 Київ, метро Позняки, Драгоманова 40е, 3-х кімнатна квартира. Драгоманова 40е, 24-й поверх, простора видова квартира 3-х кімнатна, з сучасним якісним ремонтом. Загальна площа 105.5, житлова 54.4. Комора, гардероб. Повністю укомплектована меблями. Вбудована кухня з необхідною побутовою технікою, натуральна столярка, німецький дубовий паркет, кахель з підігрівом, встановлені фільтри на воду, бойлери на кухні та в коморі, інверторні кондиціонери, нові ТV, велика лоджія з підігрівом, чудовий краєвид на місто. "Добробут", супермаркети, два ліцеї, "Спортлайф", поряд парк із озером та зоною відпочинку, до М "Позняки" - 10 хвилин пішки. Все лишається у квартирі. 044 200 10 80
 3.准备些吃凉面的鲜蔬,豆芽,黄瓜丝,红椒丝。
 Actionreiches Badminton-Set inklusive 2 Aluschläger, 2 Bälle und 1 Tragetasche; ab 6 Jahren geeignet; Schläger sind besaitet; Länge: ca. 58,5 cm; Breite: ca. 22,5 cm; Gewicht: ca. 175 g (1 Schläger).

==

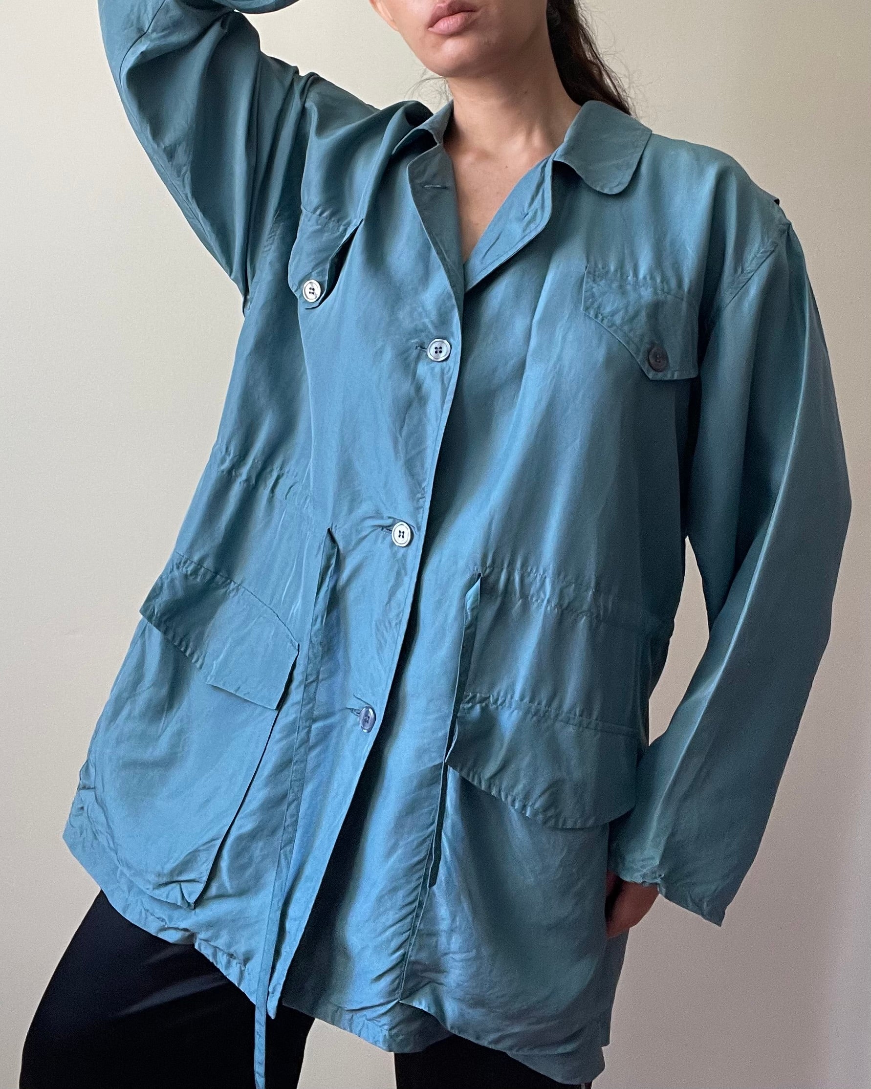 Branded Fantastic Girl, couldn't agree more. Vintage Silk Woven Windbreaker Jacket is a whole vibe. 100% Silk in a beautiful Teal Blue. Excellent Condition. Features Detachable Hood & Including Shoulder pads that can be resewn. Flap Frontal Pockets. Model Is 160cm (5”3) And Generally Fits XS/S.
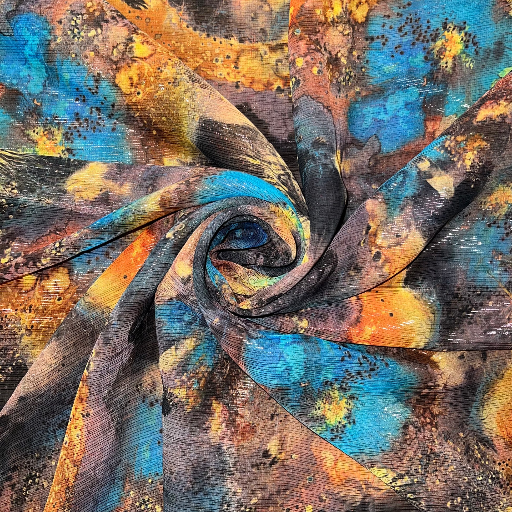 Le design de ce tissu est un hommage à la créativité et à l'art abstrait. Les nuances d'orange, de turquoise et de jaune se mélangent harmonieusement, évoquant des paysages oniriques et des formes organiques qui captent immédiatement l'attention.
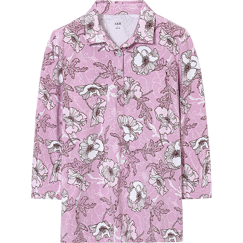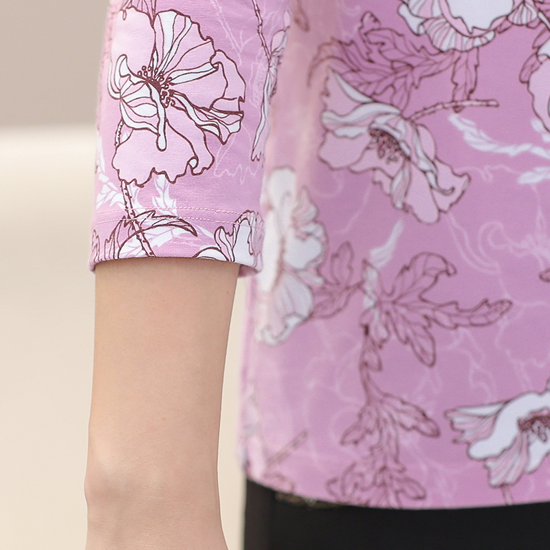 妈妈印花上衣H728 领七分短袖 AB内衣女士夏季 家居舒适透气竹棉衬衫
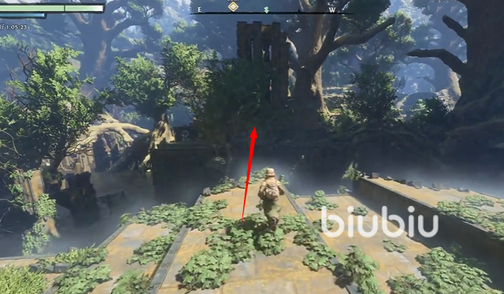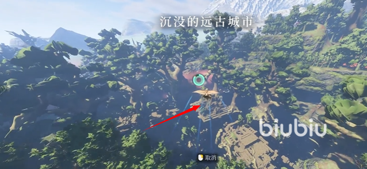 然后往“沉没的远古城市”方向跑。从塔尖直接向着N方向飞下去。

TASK OBJECTIVE:
Please, from the material above, copy only the lines from the line with "Київ, метро Позняки, Драгоманова" up to and including the line with "Actionreiches Badminton-Set inklusive", exactly as written.

YOUR RESPONSE:
 Київ, метро Позняки, Драгоманова 40е, 3-х кімнатна квартира. Драгоманова 40е, 24-й поверх, простора видова квартира 3-х кімнатна, з сучасним якісним ремонтом. Загальна площа 105.5, житлова 54.4. Комора, гардероб. Повністю укомплектована меблями. Вбудована кухня з необхідною побутовою технікою, натуральна столярка, німецький дубовий паркет, кахель з підігрівом, встановлені фільтри на воду, бойлери на кухні та в коморі, інверторні кондиціонери, нові ТV, велика лоджія з підігрівом, чудовий краєвид на місто. "Добробут", супермаркети, два ліцеї, "Спортлайф", поряд парк із озером та зоною відпочинку, до М "Позняки" - 10 хвилин пішки. Все лишається у квартирі. 044 200 10 80
 3.准备些吃凉面的鲜蔬,豆芽,黄瓜丝,红椒丝。
 Actionreiches Badminton-Set inklusive 2 Aluschläger, 2 Bälle und 1 Tragetasche; ab 6 Jahren geeignet; Schläger sind besaitet; Länge: ca. 58,5 cm; Breite: ca. 22,5 cm; Gewicht: ca. 175 g (1 Schläger).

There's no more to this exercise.